Laudatio

zur Verleihung des Appelhagen Dissertationspreises an Herrn Johan Martin Schrader für seine Dissertation „Gesundheitsvollmacht als Vertrauensakt“

Der Wille des Patienten ist Ausdruck seiner Autonomie und Richtschnur des ärztlichen Handelns. Kann der Patient seinen Willen nicht mehr äußern, kommt dem Patientenvertreter die Aufgabe zu, den Willen des Patienten zu ermitteln und umzusetzen. Daher wird empfohlen, vorsorglich eine Vertrauensperson zu bevollmächtigen, die gegebenenfalls die Entscheidungen über ihre Behandlung treffen darf. Denn andernfalls muss ggf. das Betreuungsgericht einen rechtlichen Betreuer für den Patienten bestellen.
In seiner Dissertation hat Johan Martin Schrader die Gesundheitsvollmacht grundlegend und systematisch untersucht.
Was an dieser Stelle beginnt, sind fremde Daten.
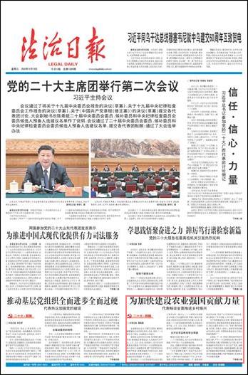 多位黨的二十大代表在接受《法治日報》記者采訪時一致認為,二十大報告對全面推進鄉(xiāng)村振興作出重要部署,明確了新時代新征程上推進農業(yè)農村現代化的重大任務。要按照二十大報告繪制的路線圖,扎實推動鄉(xiāng)村產業(yè)、人才、文化、生態(tài)、組織振興,為加快建設農業(yè)強國貢獻力量。
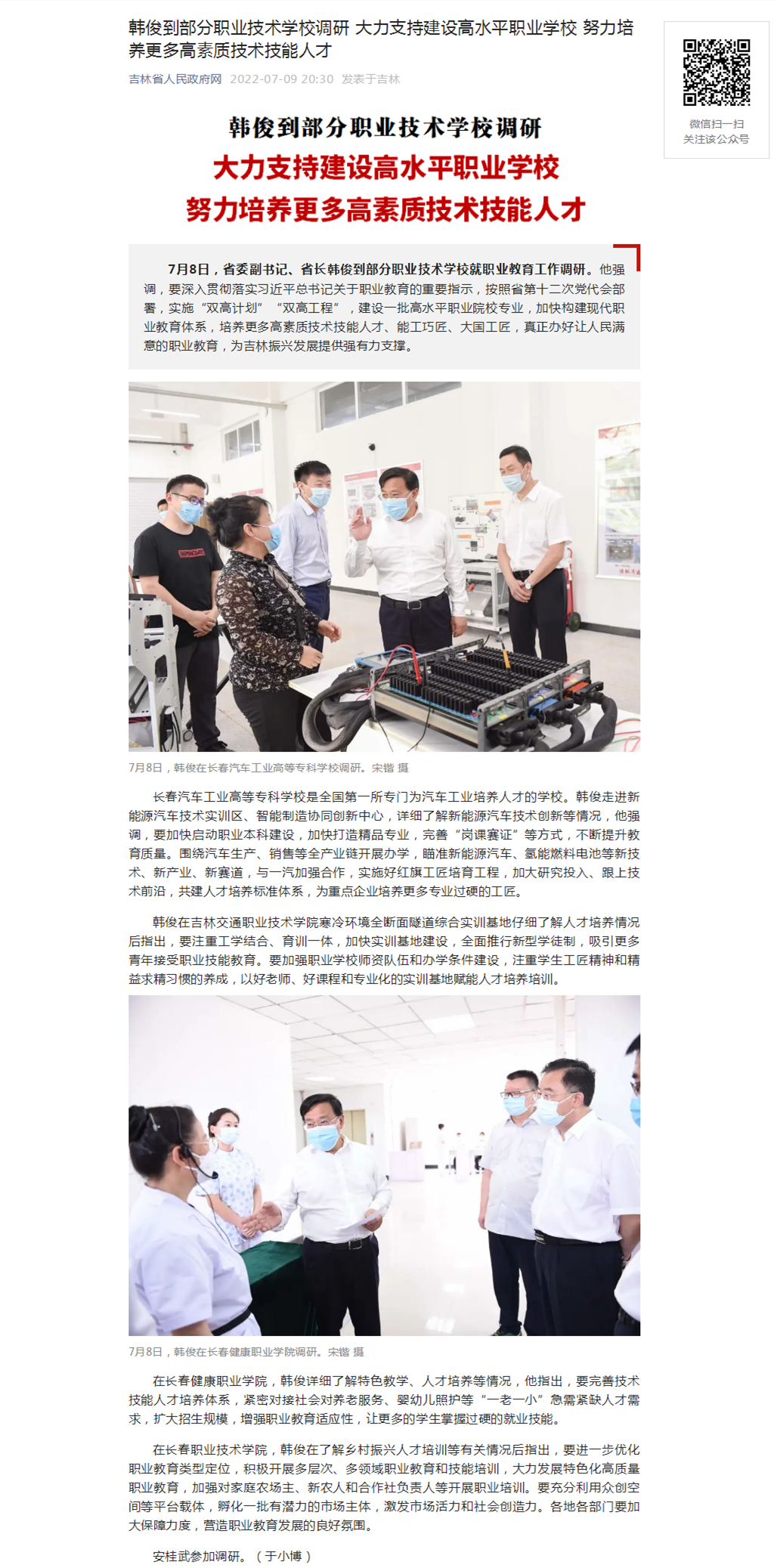 吉林省人民政府——韩俊到部分职业技术学校调研 大力支持建设高水平职业学校 努力培养更多高素质技术技能人才
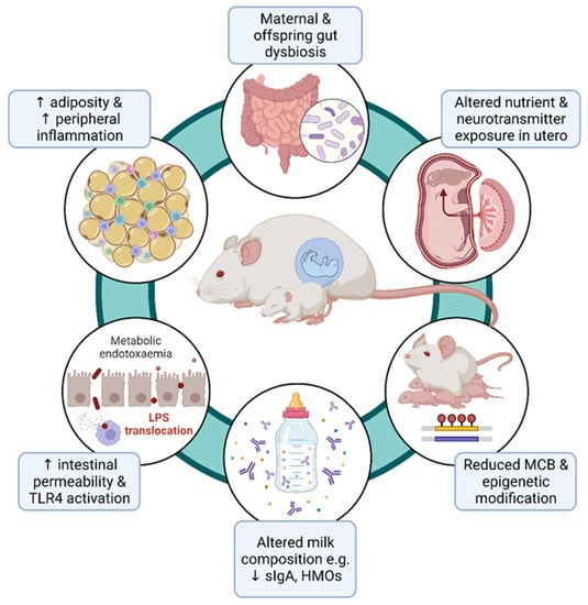 The specific absence of certain or all microbes during early life has been shown to affect behaviour in later life. For example, Sudo et al. (2004) showed that GF mice exhibit downregulated NMDA receptor subunit NR2A in response to acute restraint stress, which was reversed by the microbial reconstitution of Bifidobacteria (but not Escherichia coli) neonatally []. Stress-induced changes in brain gene expression were not reversible by gut microbial reconstitution in adulthood. This seminal study established the importance of the commensal microbiota in the normal conditioning of the HPA axis. An altered gut microbiota due to a poor maternal diet likely also has a pervasive effect on metabolites reaching the foetus, which may prime offspring for disease. Germ-free mice colonised with the gut microbiota of offspring born to obese dams have an increased intestinal permeability (determined by increased plasma fluorescein isothiocyanate dextran levels), hepatic inflammation (increased hepatic TNF mRNA and hepatic macrophage count), and susceptibility to non-alcoholic fatty liver disease (NAFLD), determined by a histological examination of liver sections for steatosis and the infiltration of inflammatory cells []. Clearly, maternal microbial changes that occur because of perinatal obesity affect the composition of vertically transmitted metabolites to offspring during foetal and neonatal development.
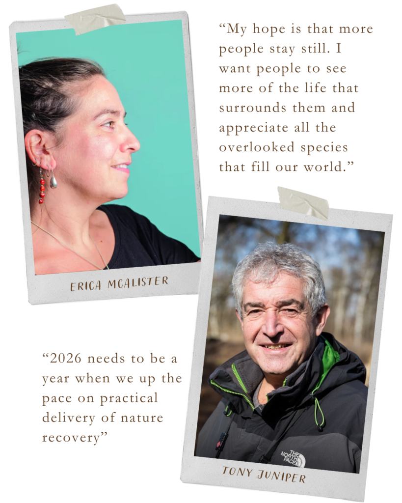 “2026 needs to be a year when we up the pace on practical delivery of nature recovery. There are loads of initiatives underway among farmers, nature groups, local government, private sector companies and infrastructure providers, all pointing in a positive direction. I’m hoping we’ll see more of all that, despite the turbulence and headwinds.”

Die Arbeit überzeugt mit einer erschöpfenden, klar strukturierten Analyse von Funktion und Ausgestaltung der Vollmacht in Gesundheitsangelegenheiten und der damit verbundenen, bislang unbeleuchteten, aber praktisch hochrelevanten Fragen nach den Aufgaben und Ermessensspielräumen des Bevollmächtigten und dem Vertrauensschutz des behandelnden Arztes. Erfreulicherweise bezieht der Autor auch die wenigen vorliegenden empirischen Erkenntnisse über Vorstellungen und Erwartungen der Vollmachtgeber einer Gesundheitsvollmacht in die Untersuchung ein. Die Arbeit bedeutet damit nicht nur einen bedeutenden wissenschaftlichen Erkenntnisfortschritt, sondern ist auch für die Praxis hochrelevant.
Besonders hervorzuheben sind darüber hinaus einerseits die Einordnung in den grund- und menschenrechtlichen Rahmen und andererseits der Rechtsvergleich mit Schweden.
Die Bedeutung der Grund- und Menschenrechte für den Erwachsenenschutz ist spätestens mit der UN-Behindertenrechtskonvention in der deutschen Diskussion erkannt worden. Allerdings liegt der Fokus hierbei vor allem auf dem staatlichen Erwachsenenschutz durch die rechtliche Betreuung. Insbesondere die Arbeiten des Europarats haben aber deutlich gemacht, dass auch die Vorsorgevollmacht diesen Rahmen zu beachten hat.
Angesichts der großen Unterschiede im Bereich des privaten Erwachsenenschutzes durch Vorsorgevollmachten und vergleichbare Rechtsinstitute verspricht die Rechtsvergleichung vor allem auf der konzeptionellen Ebene Erkenntnisgewinn. In Schweden ist die Einführung einer Gesundheitsvollmacht intensiv rechtspolitisch diskutiert worden. Insofern ist der Vergleich mit dem schwedischen Recht und der schwedischen Diskussion gerade für die Behandlung der grundsätzlichen Fragestellungen der deutschen Gesundheitsvollmacht besonders fruchtbar, zumal die aktuelle deutsche Diskussion konzeptionelle Fragen eher stiefmütterlich behandelt.
Mit seiner grundlegenden Untersuchung erschließt Johan Martin Schrader die Gesundheitsvollmacht systematisch als Vorsorgeinstrument und setzt Maßstäbe in einem für eine alternde Gesellschaft immer wichtiger werdenden Bereich. An seinen Überlegungen wird der wissenschaftliche Diskurs, wird aber auch der Gesetzgeber bei der künftigen Weiterentwicklung der privatautonomen Vorsorge nicht vorbeigehen können. Seine Arbeit wird aber nicht zuletzt auch die rechtsberatende Praxis sehr bereichern.